After providing written informed consent, the SOT (Friedman et al., 2020) was administered using a computer monitor. A time limit of 5 min to complete 12 items was set, and the average angular error was calculated for each participant. Task order between SOT and the Left-Right task was alternated across participants.

A short induction to the AR hardware was provided with three practice trials of the Left-Right task. This also involved calibrating the HoloLens 2 to the lab environment using the anchor point, ensuring that the participants were able to see the virtual components in their field of view and in proportion. Participants were verbally instructed to take the visual perspective of the avatar and decide on whether a target object lay on the left or right of the avatar. They were then instructed to respond as quickly and accurately as possible by indicating their response with either a left or right arrow key on a computer keyboard they held. Before each trial, participants received instructions on which posture they should maintain and which target object they should focus on. They were also instructed to keep their heads and gaze facing forward at the centre of the table and to only turn their bodies to face the left or right-facing angled body position.

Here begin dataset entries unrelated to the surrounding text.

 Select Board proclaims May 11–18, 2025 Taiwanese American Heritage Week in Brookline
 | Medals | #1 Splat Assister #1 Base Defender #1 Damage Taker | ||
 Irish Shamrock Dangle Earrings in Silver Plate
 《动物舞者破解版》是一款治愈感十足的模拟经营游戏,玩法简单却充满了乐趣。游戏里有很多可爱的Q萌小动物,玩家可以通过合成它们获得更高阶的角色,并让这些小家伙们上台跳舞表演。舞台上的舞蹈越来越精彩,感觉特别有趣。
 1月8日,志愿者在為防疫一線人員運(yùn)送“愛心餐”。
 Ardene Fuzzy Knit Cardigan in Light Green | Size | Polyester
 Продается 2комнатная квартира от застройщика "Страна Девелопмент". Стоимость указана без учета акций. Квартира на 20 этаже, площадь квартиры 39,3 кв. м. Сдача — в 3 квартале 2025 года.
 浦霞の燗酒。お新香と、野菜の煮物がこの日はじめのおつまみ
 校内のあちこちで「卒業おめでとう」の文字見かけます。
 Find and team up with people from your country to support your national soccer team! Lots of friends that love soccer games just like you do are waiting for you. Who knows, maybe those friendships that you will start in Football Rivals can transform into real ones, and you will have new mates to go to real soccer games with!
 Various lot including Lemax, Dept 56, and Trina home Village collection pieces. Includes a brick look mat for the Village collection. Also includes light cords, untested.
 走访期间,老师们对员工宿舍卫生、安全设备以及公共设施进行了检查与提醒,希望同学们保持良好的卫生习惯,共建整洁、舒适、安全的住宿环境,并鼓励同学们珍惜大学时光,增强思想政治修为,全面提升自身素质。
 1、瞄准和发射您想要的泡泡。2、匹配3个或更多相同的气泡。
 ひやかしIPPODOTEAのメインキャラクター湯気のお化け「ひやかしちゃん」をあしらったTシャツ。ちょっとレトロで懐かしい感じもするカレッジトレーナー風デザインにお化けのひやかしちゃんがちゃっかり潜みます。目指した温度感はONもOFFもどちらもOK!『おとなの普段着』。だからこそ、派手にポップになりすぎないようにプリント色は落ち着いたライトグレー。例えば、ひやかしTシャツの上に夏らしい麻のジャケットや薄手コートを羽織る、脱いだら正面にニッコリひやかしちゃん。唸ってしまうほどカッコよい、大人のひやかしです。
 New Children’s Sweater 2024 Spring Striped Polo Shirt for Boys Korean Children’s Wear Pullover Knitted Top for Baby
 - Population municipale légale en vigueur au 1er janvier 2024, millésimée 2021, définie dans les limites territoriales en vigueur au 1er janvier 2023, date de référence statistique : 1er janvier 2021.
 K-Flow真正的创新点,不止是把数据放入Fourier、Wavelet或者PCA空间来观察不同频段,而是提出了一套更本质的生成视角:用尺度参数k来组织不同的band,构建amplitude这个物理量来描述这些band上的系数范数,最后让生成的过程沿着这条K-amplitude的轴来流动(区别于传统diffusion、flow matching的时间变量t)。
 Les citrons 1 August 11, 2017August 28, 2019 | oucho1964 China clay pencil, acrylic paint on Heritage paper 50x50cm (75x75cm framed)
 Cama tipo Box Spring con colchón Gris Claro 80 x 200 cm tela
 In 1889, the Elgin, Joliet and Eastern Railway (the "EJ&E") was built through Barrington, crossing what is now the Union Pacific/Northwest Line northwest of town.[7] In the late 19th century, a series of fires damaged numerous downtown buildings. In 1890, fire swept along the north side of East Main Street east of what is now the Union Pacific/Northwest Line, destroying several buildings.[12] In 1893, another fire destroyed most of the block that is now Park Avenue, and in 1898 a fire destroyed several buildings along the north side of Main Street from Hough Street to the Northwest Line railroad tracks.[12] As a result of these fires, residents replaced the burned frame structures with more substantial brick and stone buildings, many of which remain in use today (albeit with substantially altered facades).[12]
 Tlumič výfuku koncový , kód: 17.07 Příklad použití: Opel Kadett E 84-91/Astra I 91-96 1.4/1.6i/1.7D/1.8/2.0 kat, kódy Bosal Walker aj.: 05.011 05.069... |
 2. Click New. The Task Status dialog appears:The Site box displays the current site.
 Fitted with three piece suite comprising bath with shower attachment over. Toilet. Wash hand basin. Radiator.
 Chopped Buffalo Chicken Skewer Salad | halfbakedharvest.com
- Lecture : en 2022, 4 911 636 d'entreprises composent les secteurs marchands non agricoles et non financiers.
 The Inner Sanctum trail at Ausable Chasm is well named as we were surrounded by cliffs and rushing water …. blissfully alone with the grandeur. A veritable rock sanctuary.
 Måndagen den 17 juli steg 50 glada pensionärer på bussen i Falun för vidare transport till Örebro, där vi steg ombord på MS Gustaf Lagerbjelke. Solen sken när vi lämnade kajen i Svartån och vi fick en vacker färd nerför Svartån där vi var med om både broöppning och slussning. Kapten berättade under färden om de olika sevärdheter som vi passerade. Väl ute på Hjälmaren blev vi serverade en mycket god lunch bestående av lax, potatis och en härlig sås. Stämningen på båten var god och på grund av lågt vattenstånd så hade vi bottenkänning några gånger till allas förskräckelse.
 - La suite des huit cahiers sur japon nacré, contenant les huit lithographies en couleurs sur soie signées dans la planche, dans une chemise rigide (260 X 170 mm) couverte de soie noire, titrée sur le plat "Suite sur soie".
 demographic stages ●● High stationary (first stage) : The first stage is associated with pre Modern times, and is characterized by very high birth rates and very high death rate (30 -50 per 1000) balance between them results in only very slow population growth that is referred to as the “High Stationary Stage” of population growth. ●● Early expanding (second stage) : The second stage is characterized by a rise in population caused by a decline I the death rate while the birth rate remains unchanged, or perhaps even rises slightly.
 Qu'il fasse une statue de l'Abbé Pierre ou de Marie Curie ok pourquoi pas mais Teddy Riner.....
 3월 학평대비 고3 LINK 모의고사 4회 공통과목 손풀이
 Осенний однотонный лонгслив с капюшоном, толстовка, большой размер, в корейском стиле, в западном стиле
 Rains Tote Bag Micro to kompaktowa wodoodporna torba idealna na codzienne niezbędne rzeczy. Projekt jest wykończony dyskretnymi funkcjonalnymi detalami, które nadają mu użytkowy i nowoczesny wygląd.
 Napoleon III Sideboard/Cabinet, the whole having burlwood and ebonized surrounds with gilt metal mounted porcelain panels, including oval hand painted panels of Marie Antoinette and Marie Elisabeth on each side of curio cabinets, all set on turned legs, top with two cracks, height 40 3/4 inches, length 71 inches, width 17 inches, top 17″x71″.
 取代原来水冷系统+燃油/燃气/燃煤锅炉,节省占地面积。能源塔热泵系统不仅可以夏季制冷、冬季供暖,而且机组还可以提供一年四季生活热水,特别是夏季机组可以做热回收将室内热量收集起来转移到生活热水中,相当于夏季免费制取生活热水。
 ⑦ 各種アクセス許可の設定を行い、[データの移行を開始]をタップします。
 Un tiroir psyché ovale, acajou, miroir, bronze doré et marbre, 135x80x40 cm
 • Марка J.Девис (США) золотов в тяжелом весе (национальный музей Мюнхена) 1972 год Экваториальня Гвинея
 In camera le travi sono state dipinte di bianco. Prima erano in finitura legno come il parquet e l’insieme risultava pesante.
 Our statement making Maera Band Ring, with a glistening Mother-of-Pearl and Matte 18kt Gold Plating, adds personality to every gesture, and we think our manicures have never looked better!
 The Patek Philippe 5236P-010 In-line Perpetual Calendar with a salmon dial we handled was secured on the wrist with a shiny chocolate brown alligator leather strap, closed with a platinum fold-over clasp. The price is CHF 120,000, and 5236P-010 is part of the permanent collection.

Participants verbally indicated when they were ready to begin the trial. Then, a fixation cross was displayed on the table for 500 ms, followed immediately by the experimental stimulus. Participants were naive to the order of the AR stimuli conditions, only receiving prior instruction about body-position conditions prior to every trial. Thus, they were not aware of the position the avatar would appear at around the table prior to beginning the trial. Feedback about accuracy was provided for practice trials, but not for the 24 experimental trials. The target object, left/right position of the gun and flower, posture, and angular disparity were counterbalanced across all experimental trials. As each participant experienced all conditions, counterbalancing was achieved using a Latin square wherein each condition was allocated to each participant the same number of times with each participant experiencing a different sequence. This was done to counterbalance learning or task order effects.

3.4 Data analysis

For the main analysis, reaction times less than 100 ms or greater than two times the standard deviation of an individual’s mean RT were excluded from the analysis to account for accidental responses and attentional issues (Ratcliff, 1993). Generalised linear mixed-modelling (GLMM) was used to analyse RT and accuracy data, in line with best practice protocols set out by Meteyard and Davies (2020). Cut-offs were not used here in order to preserve the usually positively skewed RT distribution as they may over-transform the data (Lo and Andrews, 2015; Ratcliff, 1993). For both RT and accuracy dependent variables, a GLMM was fit by maximum likelihood using the lme4 package (Bates et al., 2015) in R version 2023.6.2.561⁸. Predictor variables for both were avatar-participant angular disparity (40°, 80°, 120°, 160°) and participant body posture (neutral, congruent, incongruent). These predictor variables and their conditions were fixed effects for GLMM, and random effects included participant. Participant was deemed a random effect to account for individual variance in performance (Lo and Andrews, 2015).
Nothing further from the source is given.